Task item: Exact copies of all entries are needed. Pictures are to be left out.

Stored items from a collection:
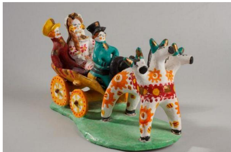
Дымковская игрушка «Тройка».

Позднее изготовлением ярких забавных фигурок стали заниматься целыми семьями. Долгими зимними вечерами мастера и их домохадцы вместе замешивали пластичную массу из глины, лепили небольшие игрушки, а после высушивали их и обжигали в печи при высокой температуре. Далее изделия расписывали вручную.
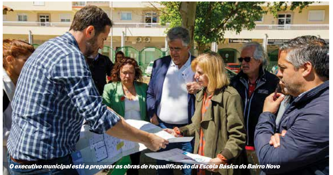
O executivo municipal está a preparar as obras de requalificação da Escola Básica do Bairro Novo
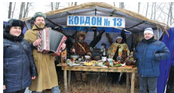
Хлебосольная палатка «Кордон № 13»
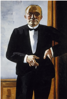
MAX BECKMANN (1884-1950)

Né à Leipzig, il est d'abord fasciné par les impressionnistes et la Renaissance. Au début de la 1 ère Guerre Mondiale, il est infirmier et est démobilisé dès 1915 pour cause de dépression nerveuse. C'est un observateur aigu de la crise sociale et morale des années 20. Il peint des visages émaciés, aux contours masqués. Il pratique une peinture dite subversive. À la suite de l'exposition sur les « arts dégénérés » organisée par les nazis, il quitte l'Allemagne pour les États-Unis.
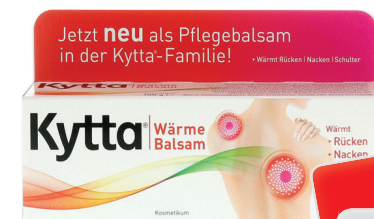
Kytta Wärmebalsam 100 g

Expected output:
Дымковская игрушка «Тройка».

Позднее изготовлением ярких забавных фигурок стали заниматься целыми семьями. Долгими зимними вечерами мастера и их домохадцы вместе замешивали пластичную массу из глины, лепили небольшие игрушки, а после высушивали их и обжигали в печи при высокой температуре. Далее изделия расписывали вручную.
O executivo municipal está a preparar as obras de requalificação da Escola Básica do Bairro Novo
Хлебосольная палатка «Кордон № 13»
MAX BECKMANN (1884-1950)

Né à Leipzig, il est d'abord fasciné par les impressionnistes et la Renaissance. Au début de la 1 ère Guerre Mondiale, il est infirmier et est démobilisé dès 1915 pour cause de dépression nerveuse. C'est un observateur aigu de la crise sociale et morale des années 20. Il peint des visages émaciés, aux contours masqués. Il pratique une peinture dite subversive. À la suite de l'exposition sur les « arts dégénérés » organisée par les nazis, il quitte l'Allemagne pour les États-Unis.
Kytta Wärmebalsam 100 g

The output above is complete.